Cost savings in Egypt and rising volumes in Sub-Saharan Africa were not enough to prevent HeidelbergCement’s Africa-Eastern Mediterranean Basin business reporting a fall in earnings in 2017, as weak Egyptian volumes and margin pressure in Sub-Saharan Africa more than offset the more positive trends.
Like-for-like earnings down 2.7% in 2017 at €367 million, while cement volumes were down 0.6% at 19 million t.

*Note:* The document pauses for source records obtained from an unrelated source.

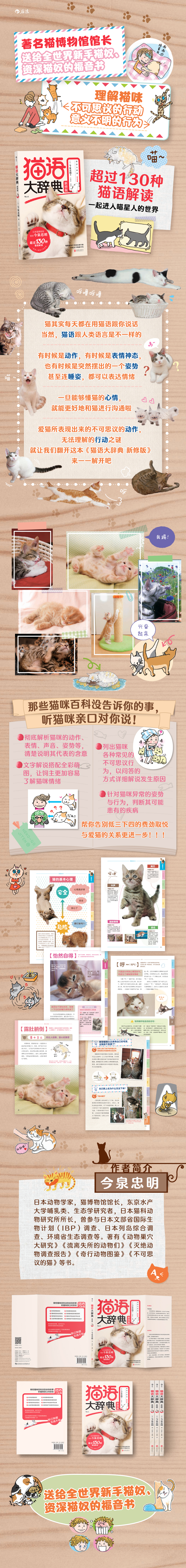 这是日本著名猫博物馆馆长今泉忠明送给全世界新手猫奴、资深猫奴的福音书。为了帮助新手猫奴从一开始就了解爱猫,也为资深猫奴不再费力不讨好,作为权威猫咪专家的今泉忠明特意编著了这本《猫语大辞典》,为所有猫奴详细解说“猫语速成法则”,让你从头到尾彻底了解爱猫。本书还会告诉你各种秘密、难解的猫咪大小事背后的真相。猫为什么独来独往,不爱交际?为什么猫会即使掩埋排泄物却不喜欢洗澡?有时猫对主人爱答不理,有时连上厕所都要跟着。爱它,就该弄懂它。有了本书指引,相信你能深入了解猫咪内心,明白它的真实需求,永远与爱猫心灵相通。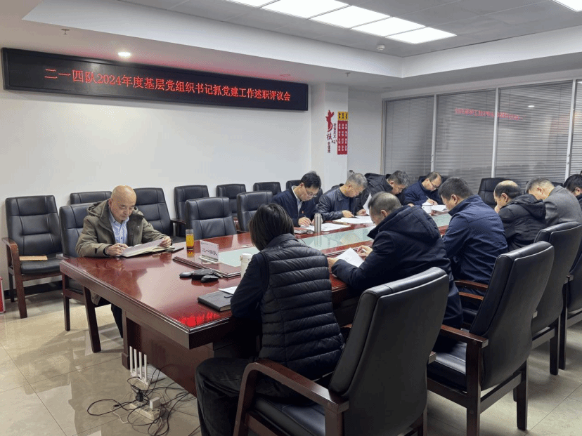 2025年1月10日,二一四队成功组织召开了2024年度基层党组织书记抓党建工作述职评议会暨中层干部述职述廉评议会,公司领导班子、各基层党组织书记及支委委员、中层干部、职工代表30余人参加会议。 会上,7名党支部书记依次围绕强化政治理论学习、巩固提升主题教育成果、开展党纪学习教育、推动党建和业务深度融合、发挥基层党组织战斗堡垒作用和党员先锋模范作用等方面进行了述职。16名中层正职立足岗位,从年度业务指标完成情况、工作亮点、...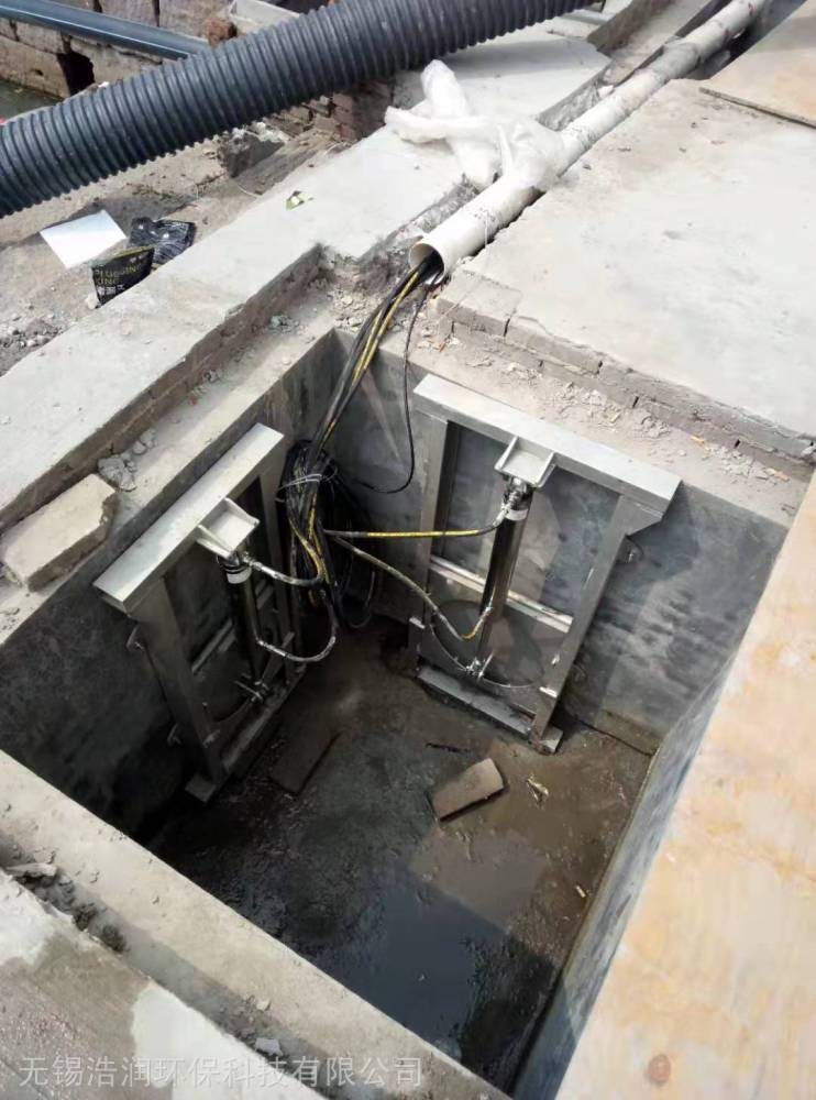 开口类(一般宽度大于2000,调节范围一般小于800,三边止水,且前后有操作空间的场合)宜选用TYX型旋转堰门,其安装结构分池内、池外两种,由于启闭机的固定需采用铰支式结构,故前后需一定操作空间。

Volume growth in Sub-Saharan Africa was “not sufficient to compensate for the decline in Egypt due to the weak economy of the country,” HeidelbergCement said in its latest results. “On the cost side, Egypt could realise significant savings due to […] synergies and the adjustment of the fuel-mix due to the commissioning of a new coal mill. However, this was not sufficient to compensate for the margin pressure in the sub-Saharan countries.”
There was however signs of improvement through the year with sales volumes growth in 4Q17 well above the annual average. Cement volumes were up 6.2% in the final quarter, while volumes of aggregates, ready-mixed concrete, and asphalt were significantly higher. Earnings meanwhile were up 20.2% in 4Q17.
Demand growth is expected to accelerate through 2018, according to Dr Bernd Scheifele, Chairman of the Management Board at HeidelbergCement, continuing the positive trend seen at the end of 2017. Competition will however continue to pressurise margins across the region.